* **EXERCISE DIRECTIONS**
Please retype the entries below exactly, only from their first line through the line containing "Keywords: rocroi france", leaving every picture out.

* **EXTRACTED MATERIAL**
^^^^^^^^^^^^^^^^
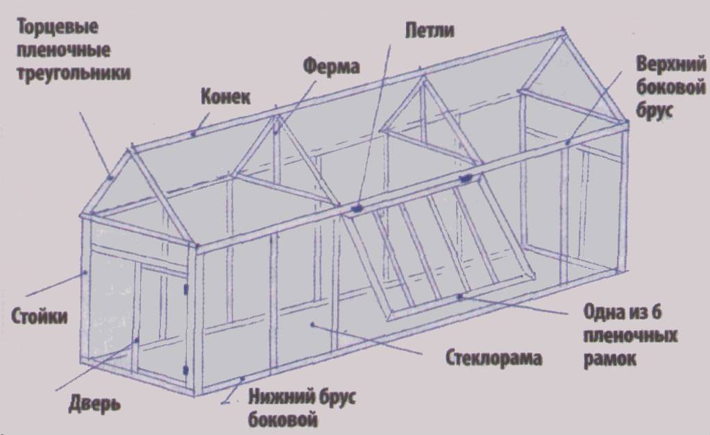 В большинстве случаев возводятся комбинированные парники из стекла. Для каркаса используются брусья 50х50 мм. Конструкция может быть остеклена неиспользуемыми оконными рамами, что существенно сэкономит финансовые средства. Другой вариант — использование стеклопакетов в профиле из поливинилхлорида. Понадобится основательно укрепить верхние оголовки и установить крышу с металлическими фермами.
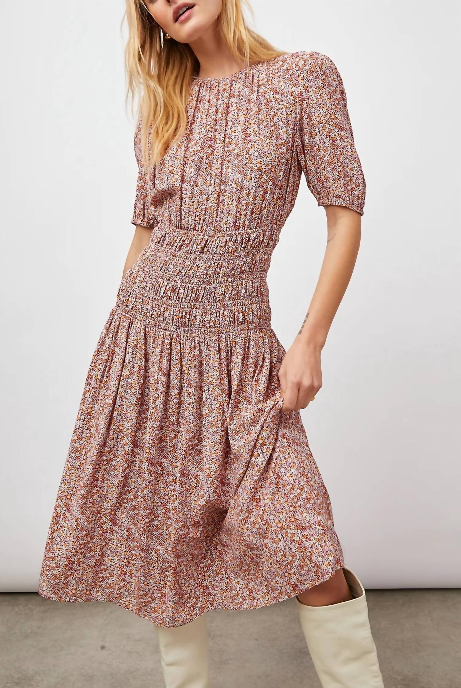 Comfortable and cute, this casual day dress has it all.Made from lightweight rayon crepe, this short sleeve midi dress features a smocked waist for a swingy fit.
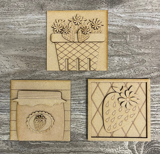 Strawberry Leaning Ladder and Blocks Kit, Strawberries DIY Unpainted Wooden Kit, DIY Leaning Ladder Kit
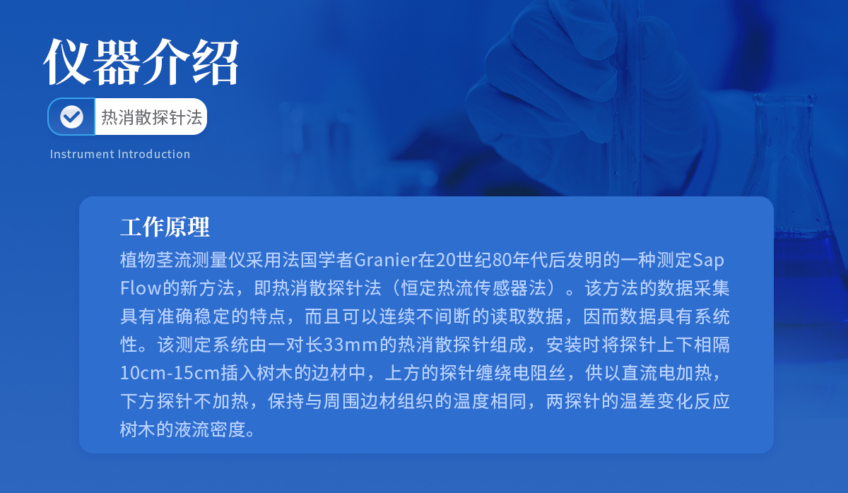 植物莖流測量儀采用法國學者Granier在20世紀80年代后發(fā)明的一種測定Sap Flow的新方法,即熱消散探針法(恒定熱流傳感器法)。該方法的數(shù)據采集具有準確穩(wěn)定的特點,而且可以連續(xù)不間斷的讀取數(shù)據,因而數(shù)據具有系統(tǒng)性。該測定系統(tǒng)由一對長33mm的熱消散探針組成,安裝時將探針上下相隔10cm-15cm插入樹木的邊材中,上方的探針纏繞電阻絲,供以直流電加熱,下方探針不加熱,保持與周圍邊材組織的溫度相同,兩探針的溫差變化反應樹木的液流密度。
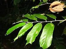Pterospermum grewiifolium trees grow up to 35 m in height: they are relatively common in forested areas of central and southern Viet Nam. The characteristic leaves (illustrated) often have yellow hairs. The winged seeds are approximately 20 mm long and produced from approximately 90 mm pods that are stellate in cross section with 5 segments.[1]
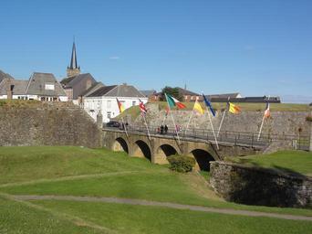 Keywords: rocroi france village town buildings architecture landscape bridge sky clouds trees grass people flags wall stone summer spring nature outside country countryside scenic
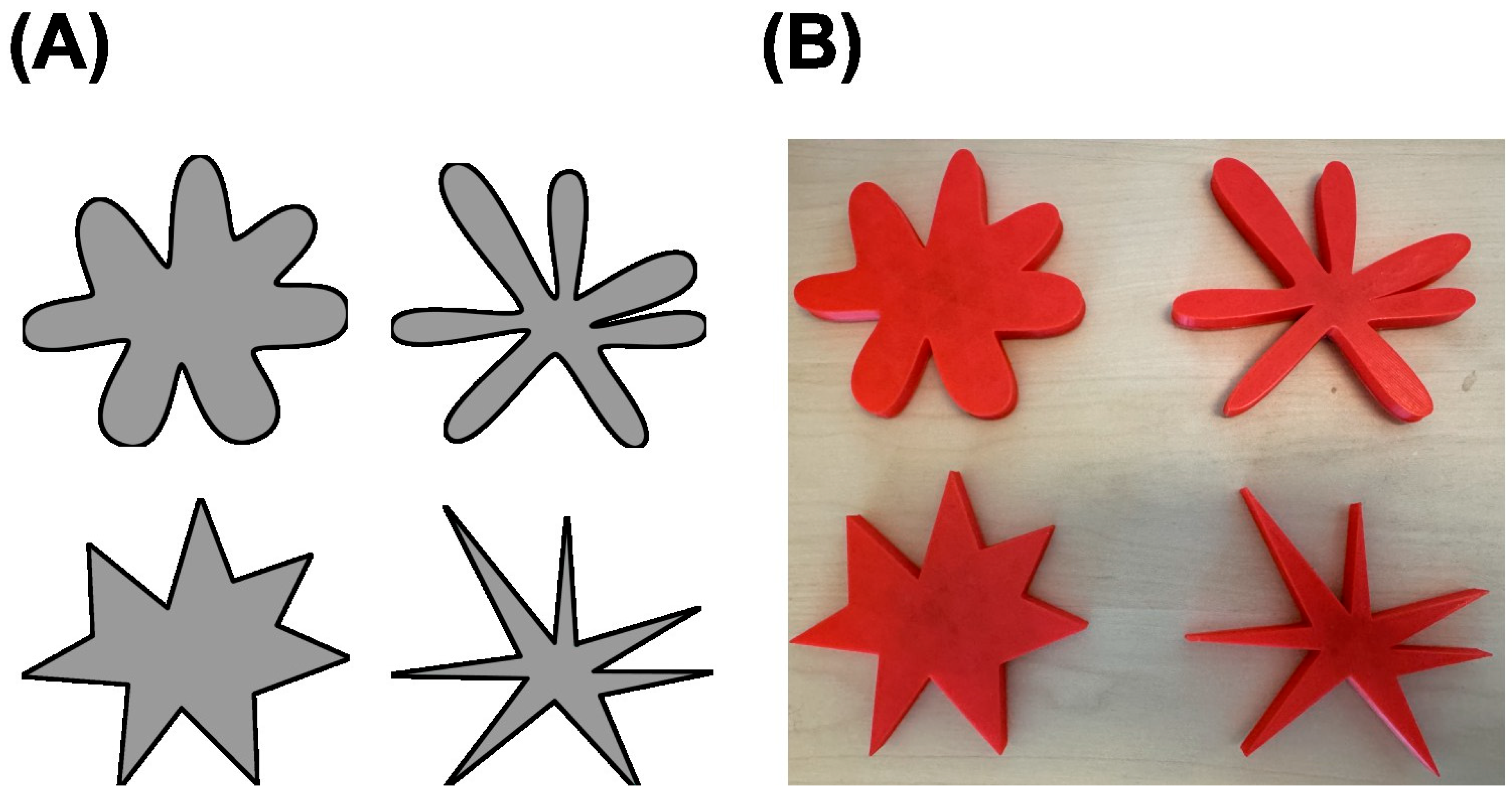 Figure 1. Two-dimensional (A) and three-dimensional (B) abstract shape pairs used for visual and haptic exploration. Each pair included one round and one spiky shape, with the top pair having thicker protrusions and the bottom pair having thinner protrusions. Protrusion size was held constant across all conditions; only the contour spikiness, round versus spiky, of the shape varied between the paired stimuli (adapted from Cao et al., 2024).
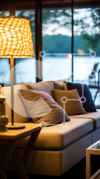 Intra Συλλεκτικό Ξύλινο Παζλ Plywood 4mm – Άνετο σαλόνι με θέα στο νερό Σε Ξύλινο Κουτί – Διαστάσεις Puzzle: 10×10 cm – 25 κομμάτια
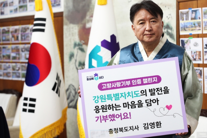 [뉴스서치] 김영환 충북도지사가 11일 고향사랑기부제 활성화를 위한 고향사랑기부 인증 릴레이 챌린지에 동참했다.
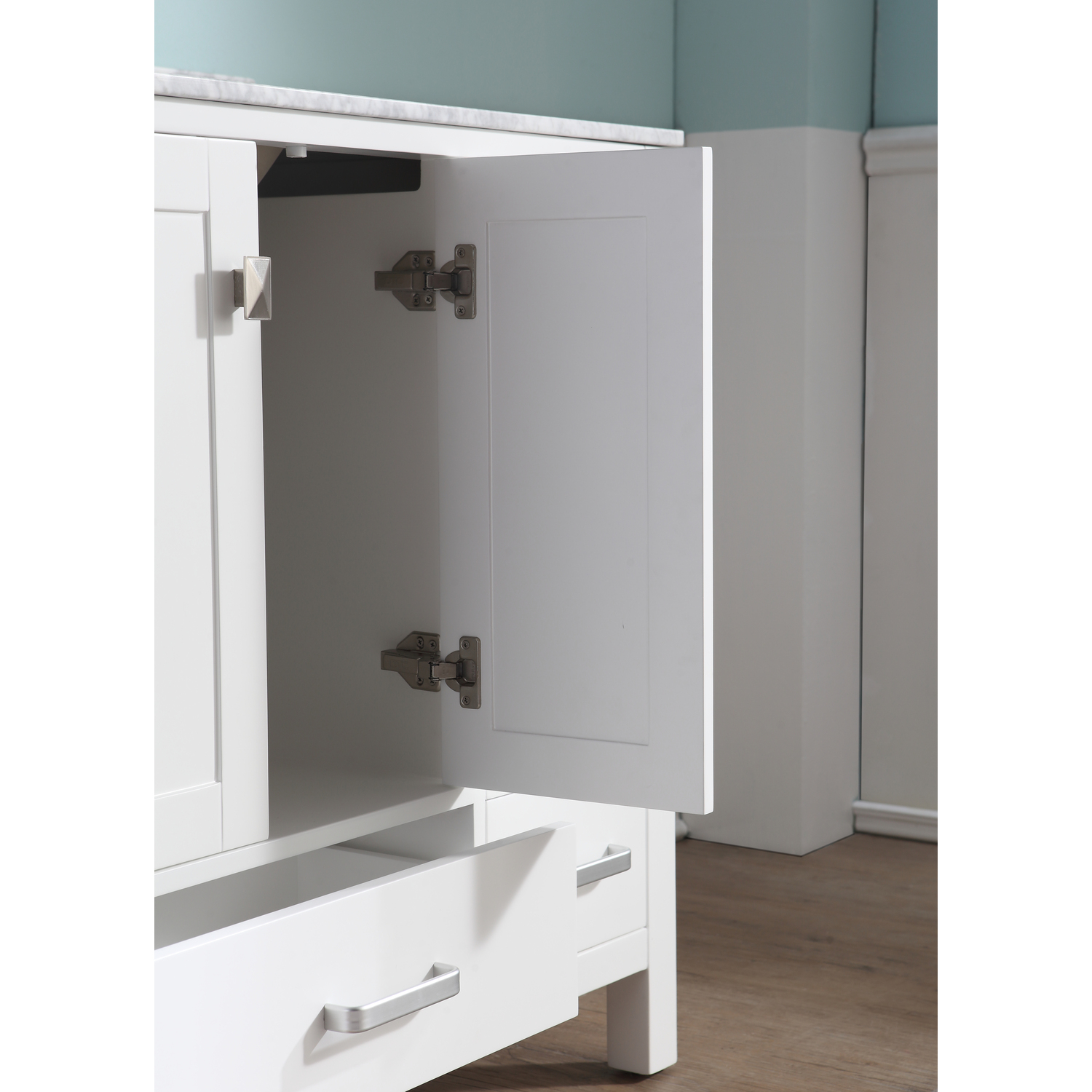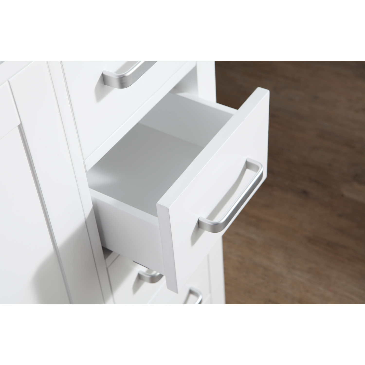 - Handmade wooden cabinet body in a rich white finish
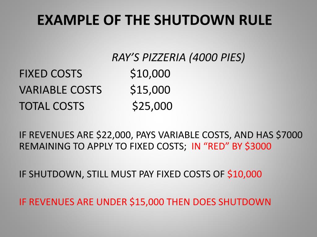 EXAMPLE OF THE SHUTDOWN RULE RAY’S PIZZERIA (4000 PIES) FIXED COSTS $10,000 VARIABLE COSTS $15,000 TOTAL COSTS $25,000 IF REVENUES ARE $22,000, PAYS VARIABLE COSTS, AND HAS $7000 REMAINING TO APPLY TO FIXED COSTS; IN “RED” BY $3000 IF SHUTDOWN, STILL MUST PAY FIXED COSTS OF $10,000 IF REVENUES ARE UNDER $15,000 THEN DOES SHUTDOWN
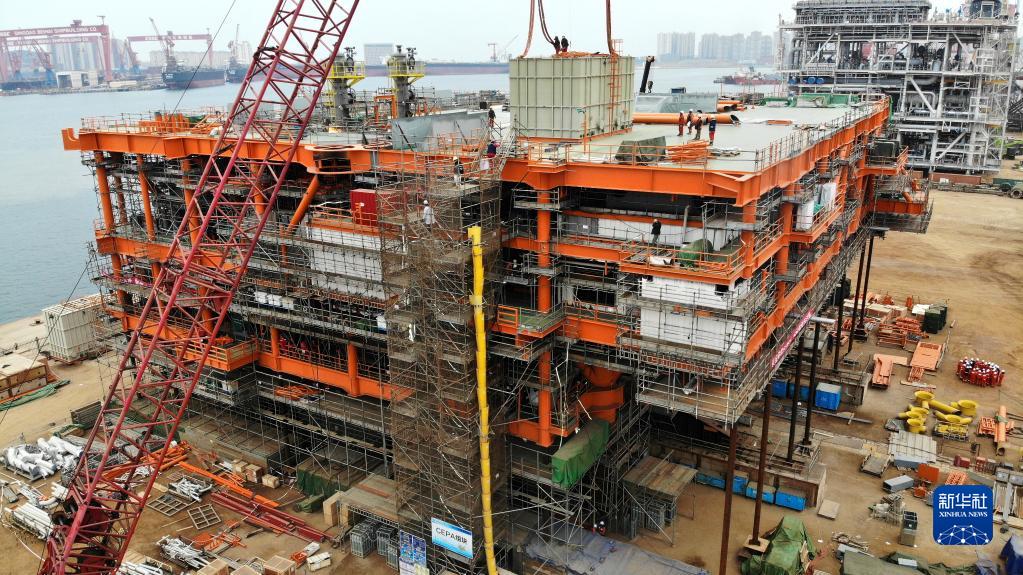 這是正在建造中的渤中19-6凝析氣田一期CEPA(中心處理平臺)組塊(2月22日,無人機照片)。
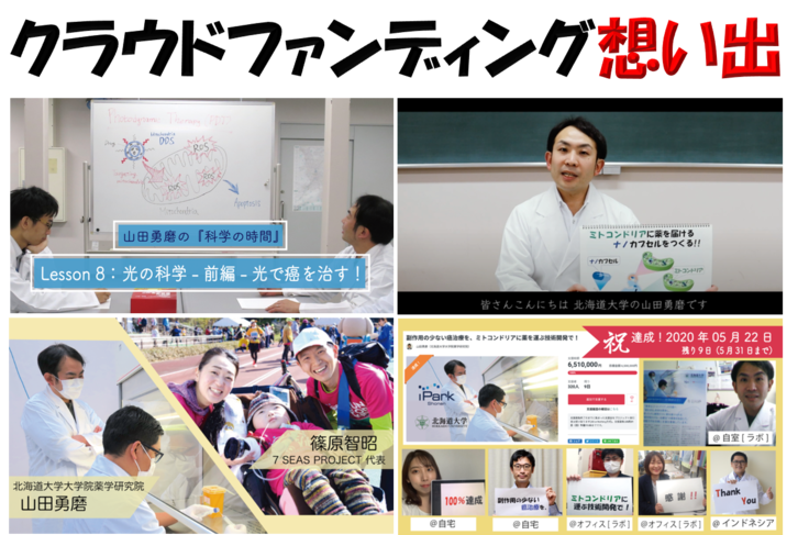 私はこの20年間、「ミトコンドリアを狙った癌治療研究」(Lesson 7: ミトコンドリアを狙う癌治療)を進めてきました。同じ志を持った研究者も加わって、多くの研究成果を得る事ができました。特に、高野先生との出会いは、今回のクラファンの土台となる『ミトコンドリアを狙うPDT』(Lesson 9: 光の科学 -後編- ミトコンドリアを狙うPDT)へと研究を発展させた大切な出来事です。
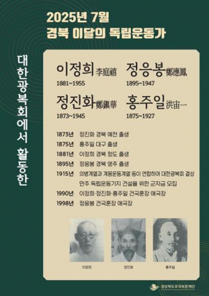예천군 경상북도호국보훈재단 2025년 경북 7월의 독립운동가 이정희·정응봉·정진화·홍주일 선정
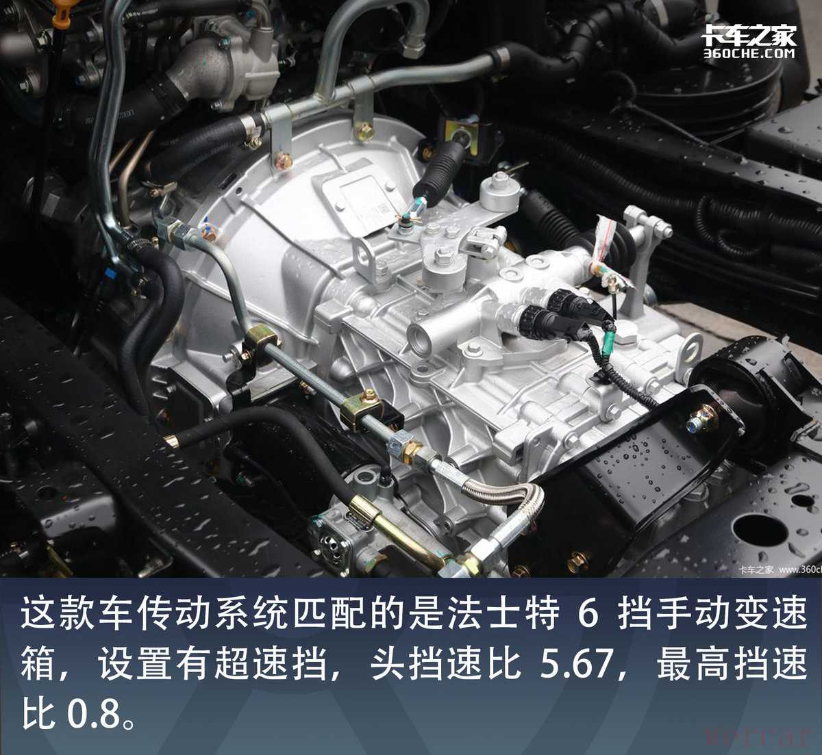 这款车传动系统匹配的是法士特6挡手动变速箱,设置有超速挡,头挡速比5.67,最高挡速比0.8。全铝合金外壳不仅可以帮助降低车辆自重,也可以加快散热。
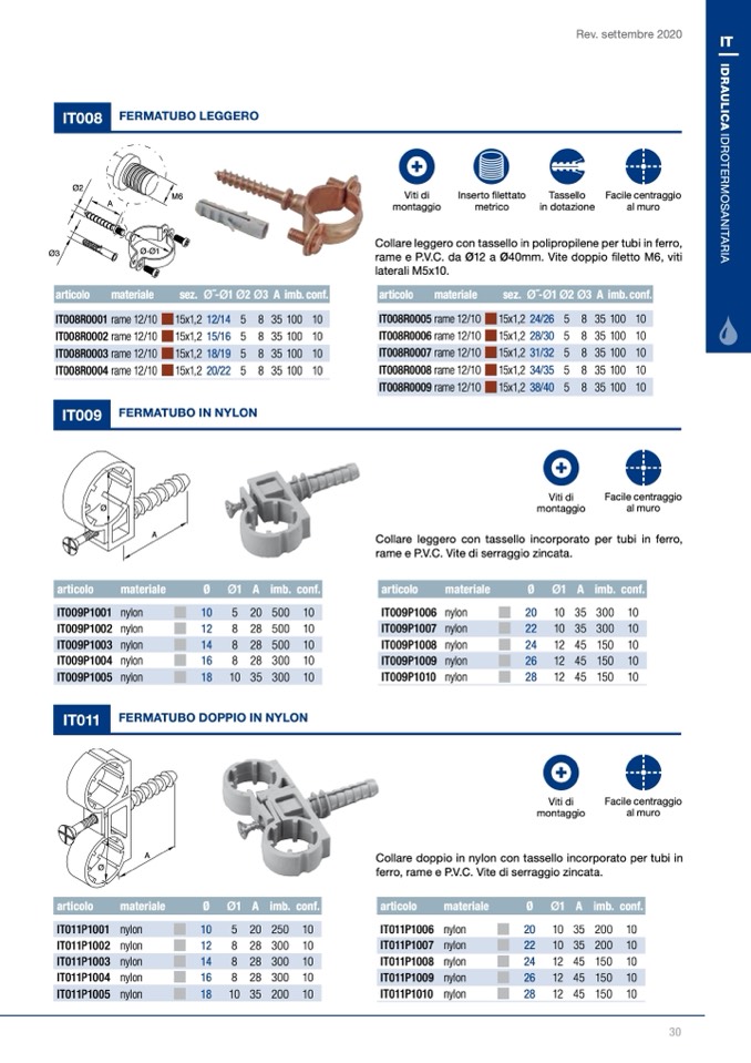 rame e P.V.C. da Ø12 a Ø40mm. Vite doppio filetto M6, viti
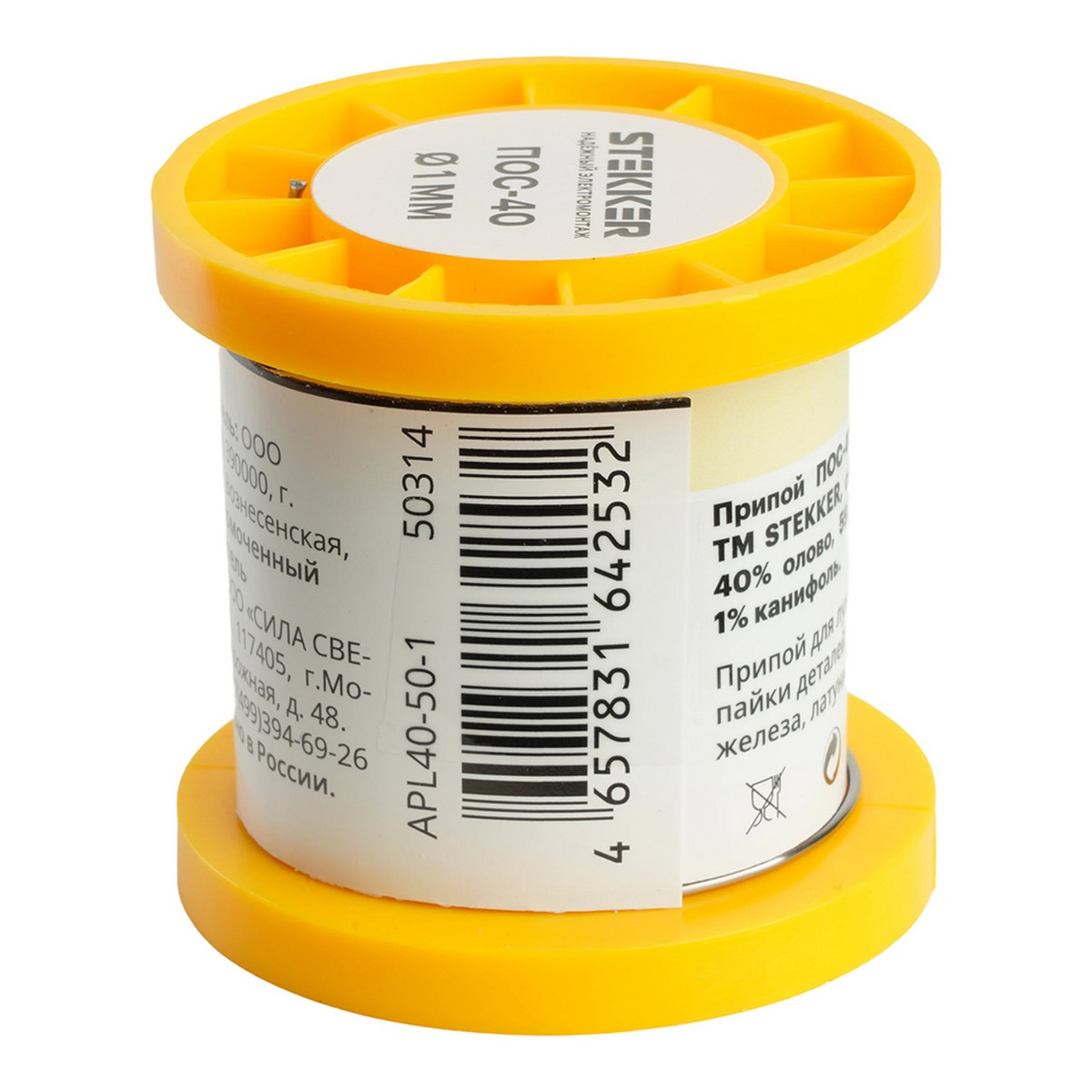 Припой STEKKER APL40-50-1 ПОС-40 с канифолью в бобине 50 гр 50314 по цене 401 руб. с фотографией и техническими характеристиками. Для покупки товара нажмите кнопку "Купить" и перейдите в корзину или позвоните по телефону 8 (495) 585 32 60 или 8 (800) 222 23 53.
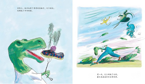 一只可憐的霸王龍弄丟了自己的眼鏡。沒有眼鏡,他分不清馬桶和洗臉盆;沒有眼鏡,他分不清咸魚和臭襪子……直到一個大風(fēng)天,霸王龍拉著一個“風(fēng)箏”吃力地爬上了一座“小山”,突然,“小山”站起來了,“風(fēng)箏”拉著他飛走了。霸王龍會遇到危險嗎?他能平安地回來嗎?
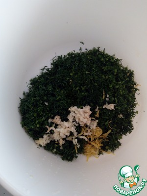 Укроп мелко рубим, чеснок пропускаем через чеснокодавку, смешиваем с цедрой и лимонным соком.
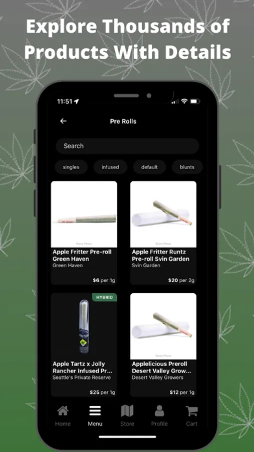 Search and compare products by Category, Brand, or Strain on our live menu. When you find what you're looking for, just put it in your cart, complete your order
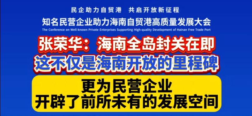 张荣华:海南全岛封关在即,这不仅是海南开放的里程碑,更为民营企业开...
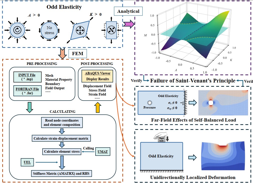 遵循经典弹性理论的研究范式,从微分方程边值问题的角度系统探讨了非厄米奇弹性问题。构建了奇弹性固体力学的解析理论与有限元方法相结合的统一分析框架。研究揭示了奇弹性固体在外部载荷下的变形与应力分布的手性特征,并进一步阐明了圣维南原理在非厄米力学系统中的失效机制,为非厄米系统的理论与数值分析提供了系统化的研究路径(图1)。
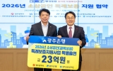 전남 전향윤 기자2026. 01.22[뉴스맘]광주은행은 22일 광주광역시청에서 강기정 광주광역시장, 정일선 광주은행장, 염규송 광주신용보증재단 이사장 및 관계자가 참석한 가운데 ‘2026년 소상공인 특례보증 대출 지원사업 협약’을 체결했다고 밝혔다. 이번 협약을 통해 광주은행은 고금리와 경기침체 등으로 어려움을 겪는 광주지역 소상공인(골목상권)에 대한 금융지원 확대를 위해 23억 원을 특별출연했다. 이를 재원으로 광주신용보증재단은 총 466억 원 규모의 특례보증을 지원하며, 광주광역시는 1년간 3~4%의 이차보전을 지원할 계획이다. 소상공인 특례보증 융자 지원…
^^^^^^^^^^^^^^^^
* **RESPONSE**
 В большинстве случаев возводятся комбинированные парники из стекла. Для каркаса используются брусья 50х50 мм. Конструкция может быть остеклена неиспользуемыми оконными рамами, что существенно сэкономит финансовые средства. Другой вариант — использование стеклопакетов в профиле из поливинилхлорида. Понадобится основательно укрепить верхние оголовки и установить крышу с металлическими фермами.
 Comfortable and cute, this casual day dress has it all.Made from lightweight rayon crepe, this short sleeve midi dress features a smocked waist for a swingy fit.
 Strawberry Leaning Ladder and Blocks Kit, Strawberries DIY Unpainted Wooden Kit, DIY Leaning Ladder Kit
 植物莖流測量儀采用法國學者Granier在20世紀80年代后發(fā)明的一種測定Sap Flow的新方法,即熱消散探針法(恒定熱流傳感器法)。該方法的數(shù)據采集具有準確穩(wěn)定的特點,而且可以連續(xù)不間斷的讀取數(shù)據,因而數(shù)據具有系統(tǒng)性。該測定系統(tǒng)由一對長33mm的熱消散探針組成,安裝時將探針上下相隔10cm-15cm插入樹木的邊材中,上方的探針纏繞電阻絲,供以直流電加熱,下方探針不加熱,保持與周圍邊材組織的溫度相同,兩探針的溫差變化反應樹木的液流密度。
Pterospermum grewiifolium trees grow up to 35 m in height: they are relatively common in forested areas of central and southern Viet Nam. The characteristic leaves (illustrated) often have yellow hairs. The winged seeds are approximately 20 mm long and produced from approximately 90 mm pods that are stellate in cross section with 5 segments.[1]
 Keywords: rocroi france village town buildings architecture landscape bridge sky clouds trees grass people flags wall stone summer spring nature outside country countryside scenic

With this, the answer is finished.